Task: In the listing below, locate the line containing "ręcznie malowana ilustracja." and the line containing "Join the Maryland". Output both of them and every line between, exactly as written, and nothing more.

Record excerpts:
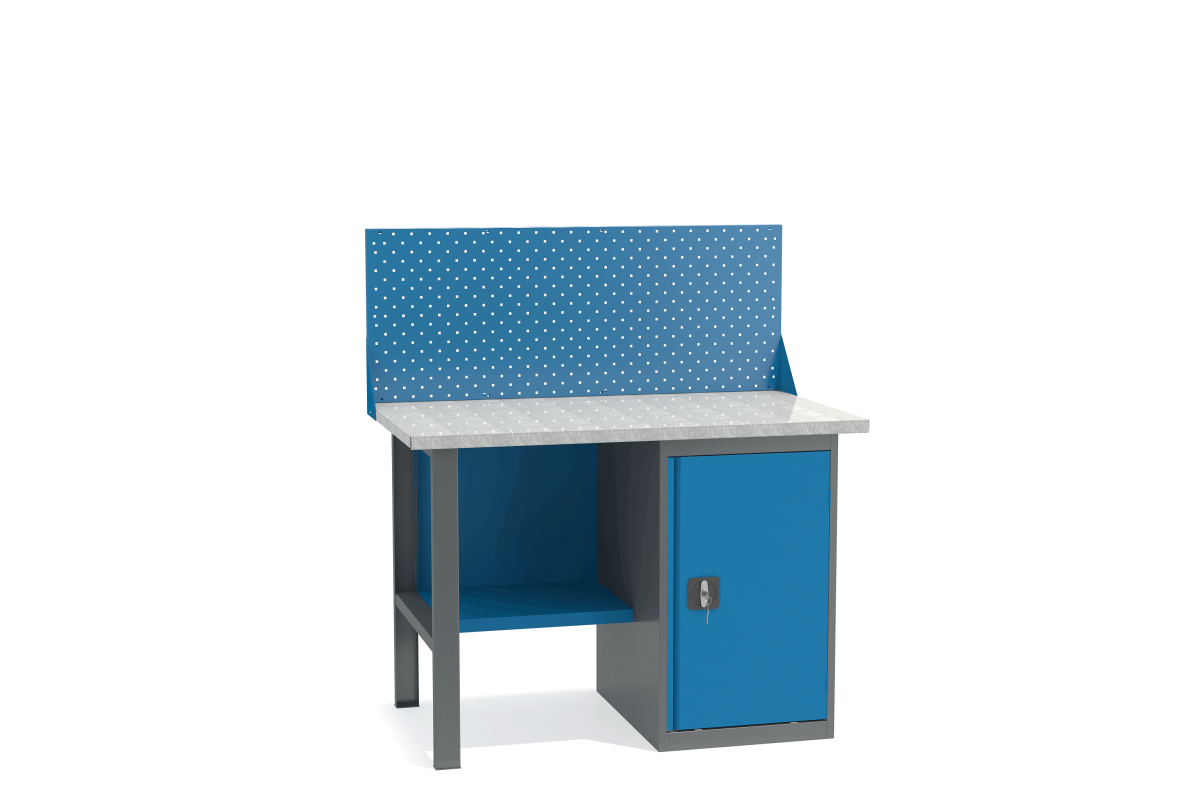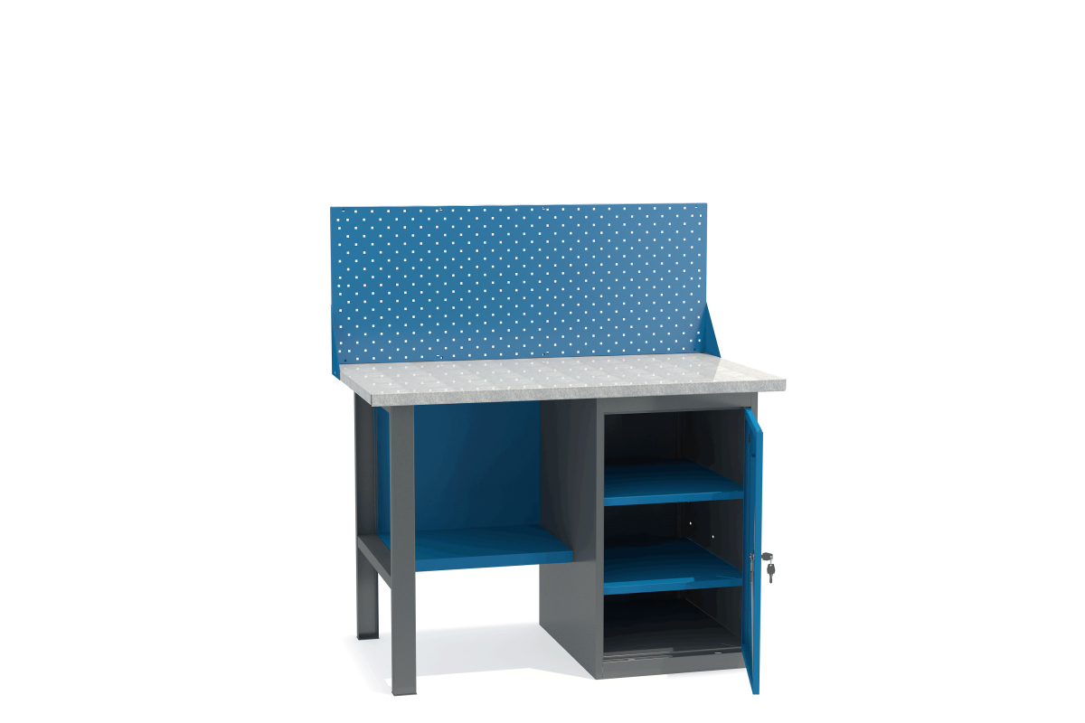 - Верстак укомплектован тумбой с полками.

...

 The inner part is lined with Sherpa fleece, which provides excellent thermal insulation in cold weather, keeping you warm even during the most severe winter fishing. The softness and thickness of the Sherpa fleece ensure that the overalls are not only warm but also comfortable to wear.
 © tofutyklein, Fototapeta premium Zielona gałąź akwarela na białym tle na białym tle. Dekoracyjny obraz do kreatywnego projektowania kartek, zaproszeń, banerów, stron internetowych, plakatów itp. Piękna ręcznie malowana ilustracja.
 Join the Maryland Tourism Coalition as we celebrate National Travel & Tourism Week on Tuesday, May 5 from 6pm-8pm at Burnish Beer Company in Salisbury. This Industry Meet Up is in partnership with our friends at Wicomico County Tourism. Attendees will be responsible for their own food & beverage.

...

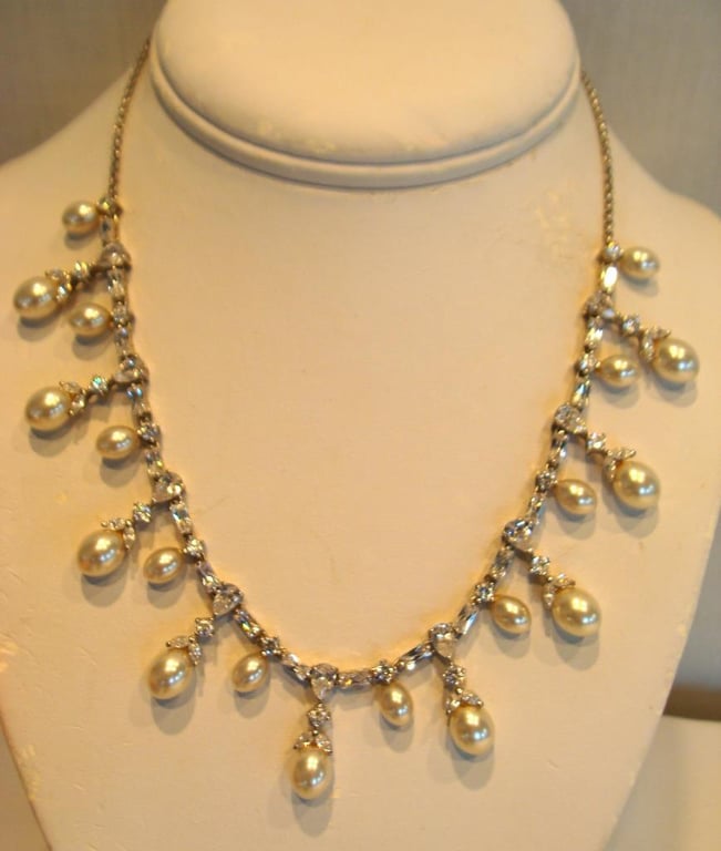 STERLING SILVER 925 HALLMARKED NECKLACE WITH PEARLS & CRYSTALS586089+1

Output for this task:
 © tofutyklein, Fototapeta premium Zielona gałąź akwarela na białym tle na białym tle. Dekoracyjny obraz do kreatywnego projektowania kartek, zaproszeń, banerów, stron internetowych, plakatów itp. Piękna ręcznie malowana ilustracja.
 Join the Maryland Tourism Coalition as we celebrate National Travel & Tourism Week on Tuesday, May 5 from 6pm-8pm at Burnish Beer Company in Salisbury. This Industry Meet Up is in partnership with our friends at Wicomico County Tourism. Attendees will be responsible for their own food & beverage.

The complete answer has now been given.